Before the end of the nineteenth century, when indoor plumbing became common, chores that involved the use of water were particularly demanding. Well?to?do urban families had piped water or a private cistern, but the overwhelming majority of American families got their water from a hydrant, a pump, a well, or a stream located some distance from their house. The mere job of bringing water into the house was exhausting. According to calculations made in 1886, a typical North Carolina housewife had to carry water from a pump or a well or a spring eight to ten times each day. Washing, boiling and rinsing a single load of laundry used about 50 gallons of water. Over the course of a year she walked 148 miles toting water and carried over 36 tons of water.

Homes without running water also lacked the simplest way to dispose garbage: sinks with drains. This meant that women had to remove dirty dishwater, kitchen slops, and, worst of all, the contents of chamberpots from their house by hand.

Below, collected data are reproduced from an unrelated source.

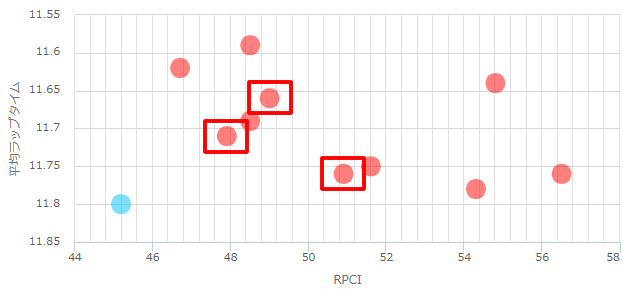 ラップ傾向はRPCI48~50くらいの平均ペースくらいになり、レースタイムは1分33秒5前後くらいになりそう。
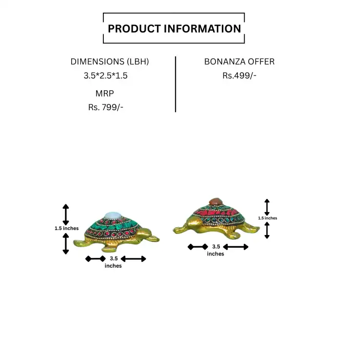 • Associated with Lord Vishnu’s Kurma avatar, the presence of a pair of turtles promotes stability & harmony in relationships, making them a popular choice for bedrooms or family living areas.
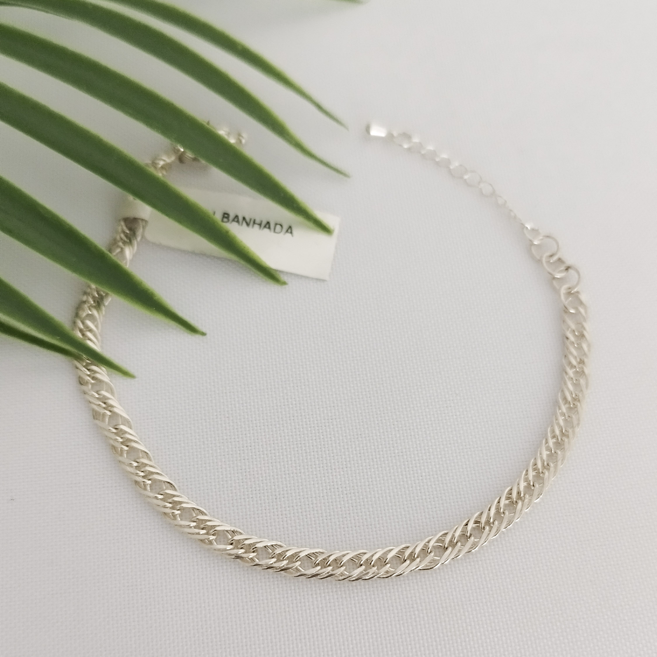 Pulseira Banho de Prata Trançada Tamanho 20cm com extensor.
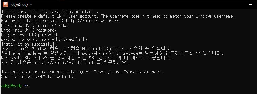나는 계정명을 eddy로 설정하였고 설치가 완료되면 다음과 같은 화면을 확인할 수 있다.
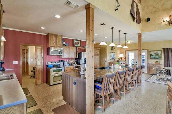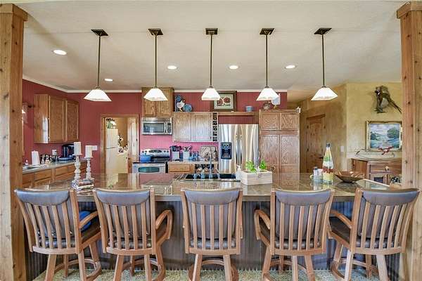 - Built-In Features, Cathedral Ceiling(s), Decorative Lighting, Double Vanity, Eat-In Kitchen, Flat Screen Wiring, Granite Counters, High Speed Internet Available, Kitchen Island, Open Floorplan, Second Primary Bedroom, Sound System Wiring, Vaulted Ceiling(s), Walk-In Closet(s), Wet Bar
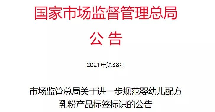 11月12日,市场监管总局发布《关于进一步规范婴幼儿配方乳粉产品标签标识的公告》,第四条规定:
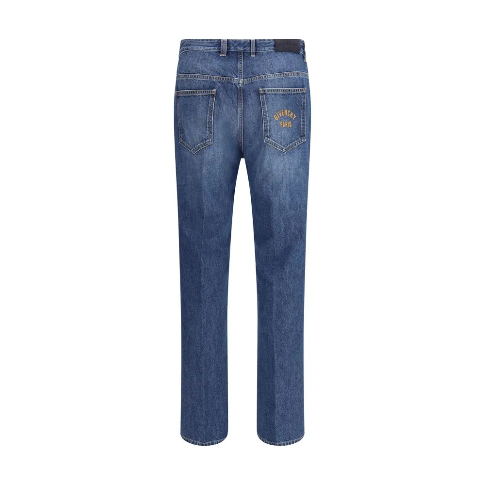 Cotton straight fit Jeans by Givenchy featuring a front button closure, five pockets, belt loops at the waist and a logo leather patch at the back. Essential straight-cut model, ideal for a sophisticated and timeless look.

Laundry was the household chore that nineteenth century housewives detested most. Rachel Haskell, a Nevada housewife, called it “the Herculean task which women all dread” and “the great domestic dread of the household.”

On Sunday evenings, a housewife soaked clothing in tubs of warm water. When she woke up the next morning, she had to scrub the laundry on a rough washboard and rub it with soap made from lye, which severely irritated her hands. Next, she placed the laundry in big vats of boiling water and stirred the clothes about with a long pole to prevent the clothes from developing yellow spots. Then she lifted the clothes out of the vats with a washstick, rinsed the clothes twice, once in plain water and once with bluing, wrung the clothes out and hung them out to dry. At this point, clothes would be pressed with heavy flatirons and collars would be stiffened with starch.

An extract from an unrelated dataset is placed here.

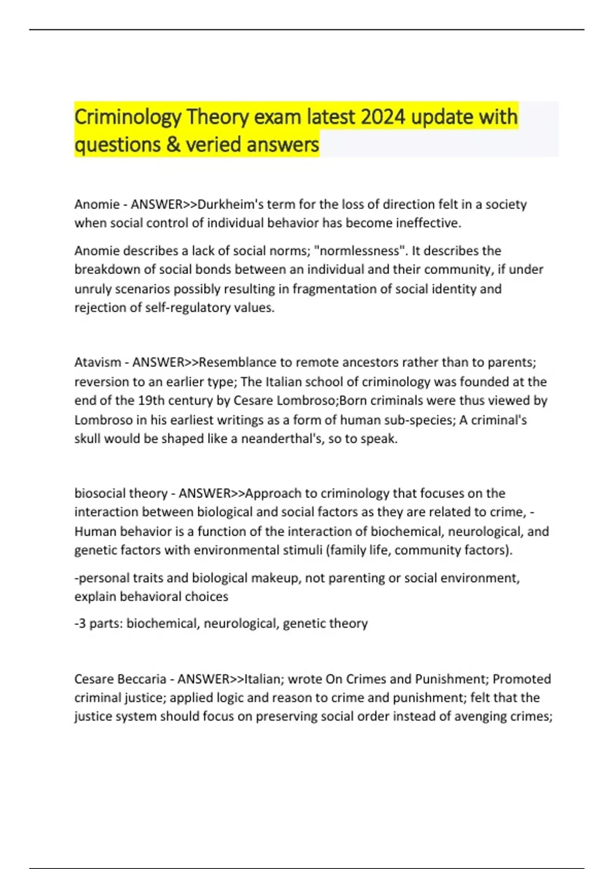 Criminology Theory exam latest 2024 update with questions & veried answers Anomie - ANSWER>>Durkheim's term for the loss of direction felt in a society when social control of individual behavior has become ineffective. Anomie describes a lack of social norms; "normlessness". It describes the breakdown of social bonds between an individual and their community, if under unruly scenarios possibly resulting in fragmentation of social identity and rejection of self-regulatory values. Atavism - ANSWER>>Resemblance to remote ancestors rather than to parents; reversion to an earlier type; The Italian school of criminology was founded at the end of the 19th century by Cesare Lombroso;Born criminals were thus viewed by Lombroso in his earliest writings as a form of human sub-species; A criminal's skull would be shaped like a neanderthal's, so to speak. biosocial theory - ANSWER>>Approach to criminology that focuses on the interaction between biological and social factors as they are related to crime, -Human behavior is a function of the interaction of biochemical, neurological, and genetic factors with environmental stimuli (family life, community factors). -personal traits and biological makeup, not parenting or social environment, explain behavioral choices -3 parts: biochemical, neurological, genetic theory Cesare Beccaria - ANSWER>>Italian; wrote On Crimes and Punishment; Promoted criminal justice; applied logic and reason to crime and punishment; felt that the justice system should focus on preserving social order instead of avenging crimes; called for the abolition of capital punishment and torture; wanted speedy trials and the elimination of cruel and unusual punishment; Cesare Lombroso - ANSWER>>An Italian doctor who published Criminal Man in which he argued that criminals are born biologically inferior and can be distinguished from noncriminal persons by the presence of certain physical characteristics or stigmata;, applied scientific method to the study of crime. believed criminals were biologically determined. theory of atavism Charles Darwin - ANSWER>>British Scientist; Social Darwinism in where letting nature take its course and not help the needy; also used by the Italian school to form theories of criminal being born and evolving into criminals; eliminating criminals from the gene pool was logical. Chicago School - ANSWER>>Criminological theories that rely, in part, on individuals' demographics and geographic location to explain criminal behavior; people's behaviors and personalities are shaped by their social and physical environments Classical School - ANSWER>>a criminological perspective of the late 1700s and early 1800s that had its roots in the enlightenment and that held that humans are rational beings, that crime is the result of the exercise of free will, and that punishment can be effective in reducing the incidence of crime, as it negates the pleasure to be derived from crime commission;punish to deter; all humans are rational Conflict Theory - ANSWER>>Conflict theories are perspectives in social science that emphasize the social, political, or material inequality of a social group; In Mills's view, social structures are created through conflict between people with differing interests and resources. Individuals and resources, in turn, are influenced by these structures and by the "unequal distribution of power and resources in the society. Conservative Ideology - ANSWER>>maintain peace through strength (military spending), supports troops, right to life, support prayer in schools, oppose affirmative action, favor free-market solutions, low taxes, low spending, go after the criminals, free gun control, less criminal rights Control Theories of Crime - ANSWER>>Social control theories of crime and delinquency attribute law-breaking to the weakness, breakdown, or absence of those social bonds or socialization processes that are presumed to encourage law-abiding conduct. Conventional Means - ANSWER>>governed very stringently by rules. socially accepted: conforming to socially accepted customs of behavior or style, especially in a way that lacks imagination Developmental Criminology - ANSWER>>Began during the 20th century (40's and 50's) An integration of sociological, psychological, and economic elements came together to form the perspective that criminality is a dynamic process influenced by social experiences as well as individual characteristics Differential Association - ANSWER>>An interpretation of the development of criminal behavior proposed by Edwin H. Sutherland, according to whom criminal behavior is learned through association with others who regularly engage in crime

The last years of the nineteenth century witnessed a revolution in the nature of housework. Beginning in the 1880s, with the invention of the carpet sweeper, a host of new “labor? saving” appliances were introduced. These included the electric iron (1903), the electric vacuum cleaner (1907), and the electric toaster (1912). At the same time, the first processed and canned foods appeared. In the 1870s, H.J. Heinz introduced canned pickles and sauerkraut; in the 1880s, Frano-American Co. introduced the first canned meals; and in the 1890s, Campbell’s sold the first condensed soups. By the 1920s, the urban middle class enjoyed a myriad of new household conveniences, including hot and cold running water, gas stoves, automatic washing machines, refrigerators, and vacuum cleaners.

Yet despite the introduction of electricity, running water, and “labor-saving” household appliances, time spent on housework did not decline. Indeed, the typical full-time housewife today spends just as much time on housework as her grandmother or great-grandmother. In 1924, a typical housewife spent about 52 hours a week in housework. Half a century later, the average full-time housewife devoted 55 hours to housework. A housewife today spends less time cooking and cleaning up after meals, but she spends just as much time as her ancestors on housecleaning and even more time on shopping, household management, laundry, and childcare.

How can this be? The answer lies in a dramatic rise in the standards of cleanliness and childcare expected of a housewife. As early as the 1930s, this change was apparent to a writer in the Ladies Home Journal:

Because we housewives of today have the tools to reach it, we dig every day after the dust that grandmother left to spring cataclysm. If few of us have nine children for a weekly bath, we have two or three for a daily immersion. If our consciences don’t prick us over vacant pie shelves or empty cookie jars, they do over meals in which a vitamin may be omitted or a calorie lacking.